• _Exercise instructions_: The lines to retype run from the one containing "フラワーシャワーの時にはビッククラッカーでサプライズ演出をしたり、" through the end of the listing below. Reproduce them exactly, leaving out pictures.

• _Supplied information_:
▶
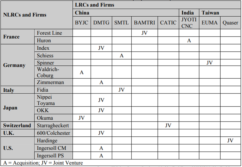 同时,报告还列出了非美国机床技术的国际合作,尤其指出了北一机与大隈、北京航天动力研究所与法国林森工业集团,以及瑞士斯达拉格与中航工业的合作等,都直指五轴机床技术。
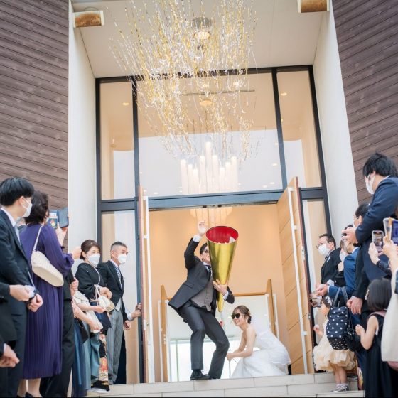 フラワーシャワーの時にはビッククラッカーでサプライズ演出をしたり、
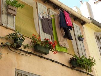 Keywords: marseille france mediterranean city south of france bowever building alley flower box laundry clothes line old town historically
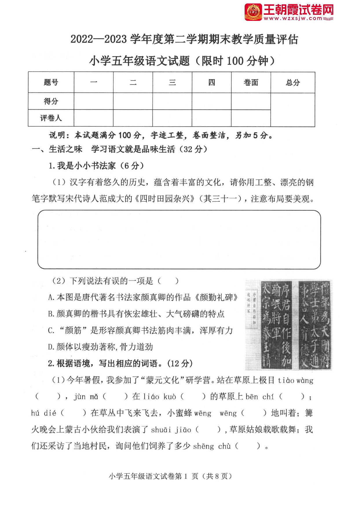 河北省沧州市盐山县2022-2023学年度第二学期期末教学质量评估试题五年级语文(人教版)
◀
• _Written response_:
 フラワーシャワーの時にはビッククラッカーでサプライズ演出をしたり、
 Keywords: marseille france mediterranean city south of france bowever building alley flower box laundry clothes line old town historically
 河北省沧州市盐山县2022-2023学年度第二学期期末教学质量评估试题五年级语文(人教版)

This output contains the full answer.